Diamond Gives Up $31M in Bonuses

    LONDON, ENGLAND - APRIL 27:  A protester dressed as a suited eagle demonstrates outside the Royal Festival Hall which is hosting the Barclays bank AGM on April 27, 2012 in London, England. It has been reported that Barclays are likely to apologise to angry share holders over multi-million bonus pay deals for senior management. Protesters also demonstrated outside the annual general meeting of Barclays to complain against their financial speculation on world food prices and to demand a financial transaction tax.  (Photo by Oli Scarff/Getty Images)

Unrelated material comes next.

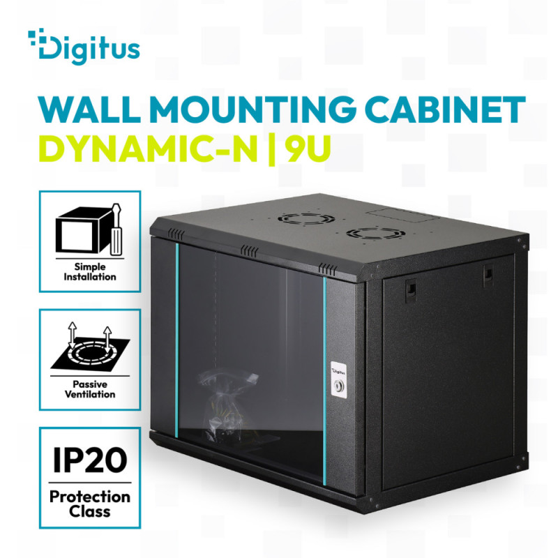 Digitus Шафа DIGITUS 19 , 9U, Wall Mounting Dynamic-N, 600x600 мм, 60кг максимально, розібрана, чорна (DN-37107)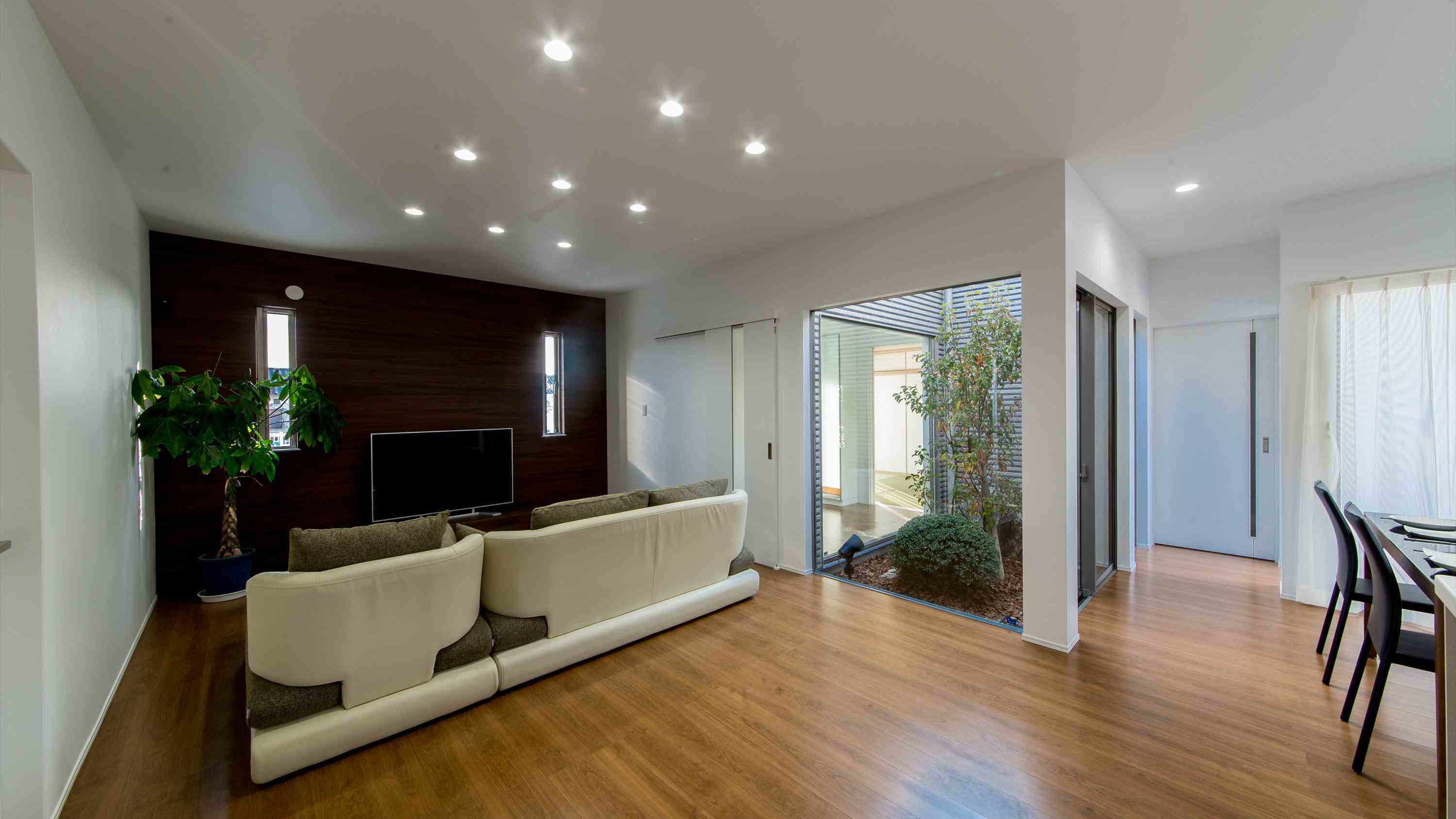 自然を身近に感じられる坪庭や、部屋からテラスへ

    Oli Scarff / Getty Images

    Former-CEO Robert Diamond is giving up $31 million in deferred bonuses. New insight into the Barclays Libor scandal reveals that the Federal Reserve Bank of New York may have known that the British bank was manipulating global interest rates as early as August of 2007. In 2008 the Fed even offered up some suggestions to British authorities on how to fix the system. In an online statement, a spokesperson for the New York Fed said, “In the context of our market monitoring following the onset of the financial crisis in late 2007, involving thousands of calls and emails with market participants over a period of many months, we received occasional anecdotal reports from Barclays of problems with Libor.” They said they shared these observations and suggestions for improvement with British authorities.